The payment will be made quarterly and will go to retirees eligible for:

  • Commonwealth Seniors Health Card
  • Department of Veterans Affairs Gold Card

• Advice – should you or a friend or colleague require some advice on these or any other matter please feel free to make an appointment.

Business Brief September 2009

Overcome your Customer’s Fear of Spending

One of the biggest complaints from sales people in a tight economy is the time it takes to achieve a sale. So, what can you do to speed up the sales process?

Stop product selling and start solution selling

Branding is wonderful but unless your brand is as mighty as Coca Cola, it’s unlikely people will purchase what you have on the basis of brand alone. It’s more important than ever to explain why your product or service is valuable to your client and if it is not unique, why they should be buying it from you.

Berlei bras demonstrated the art of solution selling back in 2000 with their sports bra campaign – “only the ball should bounce.” For anyone that has seen a sports bra you know that aesthetically, they are the ugly duckling of the lingerie world – highly functional but very unattractive. Berlei used science to show women how much damage exercising in anything but a sports bra could do (using television advertising, print, point of sale advertising, media etc).

You do not have to spend millions of dollars to achieve the same effect. The point is to understand what the most meaningful message is to send to your customer.

Sell the savings

Does your product offer your customer any form of efficiency gain or benefit beyond value over time? Can you justify it with real examples such as testimonials and worked examples? If it does, you need to ensure that you articulate this message. If there is a benefit, ensure you highlight it and emphasise the result. Try and stay away from long range forecasts. If it is going to take a few years to see the real value then this is not much of a selling point in the current market.
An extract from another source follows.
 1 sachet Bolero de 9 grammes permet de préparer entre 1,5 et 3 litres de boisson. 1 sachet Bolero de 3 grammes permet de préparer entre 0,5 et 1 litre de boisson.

You are only as strong as the weakest link in your sales process chain

If your first point of contact is the weakest link in your sales chain, then you need to fix it. Help your team identify and capitalise on opportunities by giving them the training they need. They need to know what the benefits or your products are to be able to sell them effectively.

Package and Prosper

In tough economic times, it is common for the volume of products purchased by each customer to go down. You can overcome some of this reticence by packaging items together. Try the strategy used by many of the large retailers where they offer a discount on the second item purchased of the same type rather than offering an outright discount.
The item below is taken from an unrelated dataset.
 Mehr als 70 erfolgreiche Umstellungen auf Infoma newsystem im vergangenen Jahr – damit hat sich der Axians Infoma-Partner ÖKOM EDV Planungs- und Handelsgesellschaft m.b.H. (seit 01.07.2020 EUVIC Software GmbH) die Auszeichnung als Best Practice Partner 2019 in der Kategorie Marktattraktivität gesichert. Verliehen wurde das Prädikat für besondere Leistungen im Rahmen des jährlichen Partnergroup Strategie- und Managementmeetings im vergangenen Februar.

It has the advantage of encouraging sales volume. If you are going to package, make sure you are not packaging a lot of low margin products and then discounting them. Packaging works best for your business when you can package products with higher profit margins or where you boost the sales volume of slow moving stock by combining it with faster selling stock.

Creative Marketing

Marketing doesn’t have to be expensive to be effective. Great marketing campaigns are often the result of business operators having the foresight to compile relevant information on their customers and prospective customers (or purchasing in this information if they have to) and using it to their advantage.

Take viral marketing. Last year, Myers emailed a ‘staff and friends’ voucher that gave the person presenting it a discount on a certain night. You did not have to prove that you were a friend of a Myer staff member – the fact you had the voucher was enough. The email, once received by one person in their inbox, was often happily forwarded on to other friends so they also could benefit from the discount. The key to making offers to the market is to make sure you offer something that people will get excited about and time-limit the offer to create a sense of urgency.
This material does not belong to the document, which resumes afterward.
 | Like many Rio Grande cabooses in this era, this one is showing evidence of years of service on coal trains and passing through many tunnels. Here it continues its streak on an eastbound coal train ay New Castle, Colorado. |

The sale has not been achieved until the money is in the bank

Keep focussed. The old adage that “the sale has not been achieved until the money is in the bank” is truer than ever. It’s important not to celebrate the wins until the transaction is completed. A good feeling about a sale prospect is just a good feeling until the money is in the bank or the contract is signed.

The carrot with no stick approach Any business that has a subscription style product or service has the ability to bring forward sales by offering incentives such as a certain period free or an upgrade at no additional cost (commonly used by providers such as Foxtel). If you are using these strategies, make sure that your contracts clearly state what the customer is locked into once the free period is over and ensure you receive at least some of the payment before the free period begins.

Keep in contact

Just because a customer has not purchased from you does not mean they are not interested in what you have to offer. People get busy and you are not necessarily their first priority. Keep in contact through updates, offers and newsletters. The key is to ensure that you have something relevant to say. If you are just making contact for the sake of contact, then your time and money is wasted.

What’s ahead for the financial year?

New tax rates
Taxable Income $Rate %
$0- $6,0000
$6,001 – $35,00015
$35,001 – $80,00030
$80,001 – $180,00038
$180,000 +48

PAYG payment instalment for SMES

Automatic reduction of PAYG instalments take effect for 2009/2010. Applies to quarterly payers who have their PAYG adjusted for GDP.

Tax equality for same sex couples

Same sex couples and families will be treated the same as married and defacto couples for tax purposes from 1 July onwards.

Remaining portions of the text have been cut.